- **PROBLEM**: Set out word for word the line that contains "有一个竖直放置的圆形轨道,半" and each line after it, through the end of the data below, but exclude the pictures.

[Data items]

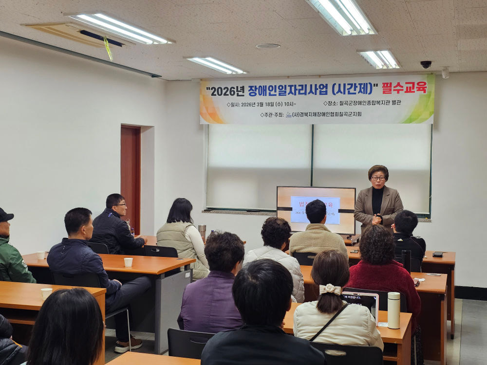 경북지체장애인협회 칠곡군지회(지회장 윤명옥, 이하 칠곡군지회)는 2026년 3월 18일, 칠곡군장애인복지관 별관에서 「2026년 칠곡군장애인일자리사업(시간제) 참여자 필수교육」을 실시하였다.
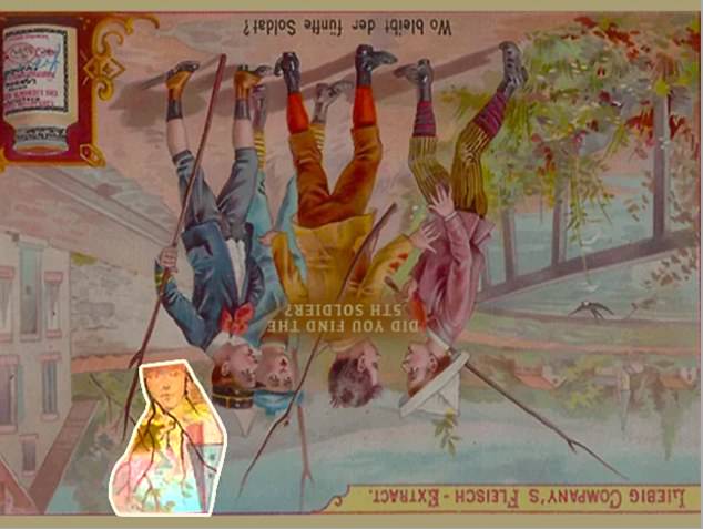 The goal of this hidden object visual test puzzle was to spot the fifth musketeer in 7 seconds. Here is he:
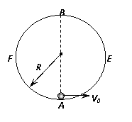 有一个竖直放置的圆形轨道,半径为R,由左右两部分组成。如图所示,右半部分AEB是光滑的,左半部分BFA是粗糙的.现在最低点A给一个质量为m的小球一个水平向右的初速度,使小球沿轨道恰好运动到最高点B,小球在B点又能沿BFA轨道回到点A,到达A点时对轨道的压力为4mg.在求小球在A点的速度V0时,甲同学的解法是:由于小球恰好到达B点,故在B点小球的速度为零,
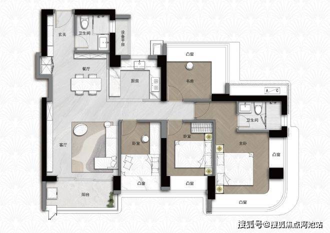 105㎡3+1 房两厅两卫:弹性方厅设计,可增设书房或儿童活动区;多飘窗拓展空间,兼顾功能性与性价比,适合首次改善。
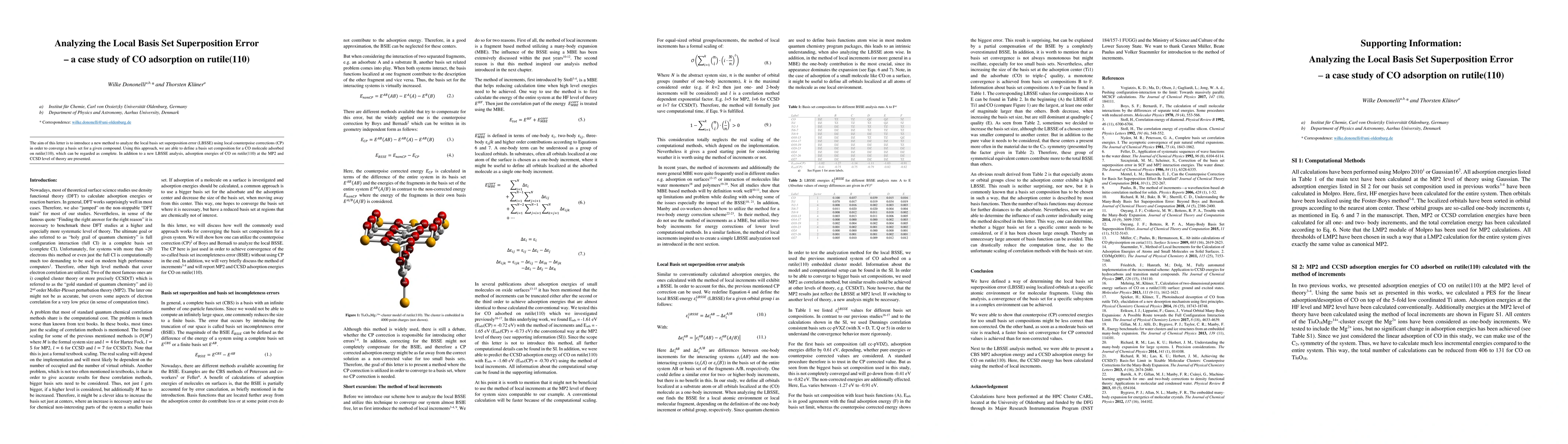 This paper introduces a novel method to analyze local basis set superposition error (LBSSE) using local counterpoise corrections to determine a complete basis set for CO adsorbed on rutile(110). It also presents adsorption energies of CO on rutile(110) at MP2 and CCSD levels of theory.

- **RESPONSE BOX**:
 有一个竖直放置的圆形轨道,半径为R,由左右两部分组成。如图所示,右半部分AEB是光滑的,左半部分BFA是粗糙的.现在最低点A给一个质量为m的小球一个水平向右的初速度,使小球沿轨道恰好运动到最高点B,小球在B点又能沿BFA轨道回到点A,到达A点时对轨道的压力为4mg.在求小球在A点的速度V0时,甲同学的解法是:由于小球恰好到达B点,故在B点小球的速度为零,
 105㎡3+1 房两厅两卫:弹性方厅设计,可增设书房或儿童活动区;多飘窗拓展空间,兼顾功能性与性价比,适合首次改善。
 This paper introduces a novel method to analyze local basis set superposition error (LBSSE) using local counterpoise corrections to determine a complete basis set for CO adsorbed on rutile(110). It also presents adsorption energies of CO on rutile(110) at MP2 and CCSD levels of theory.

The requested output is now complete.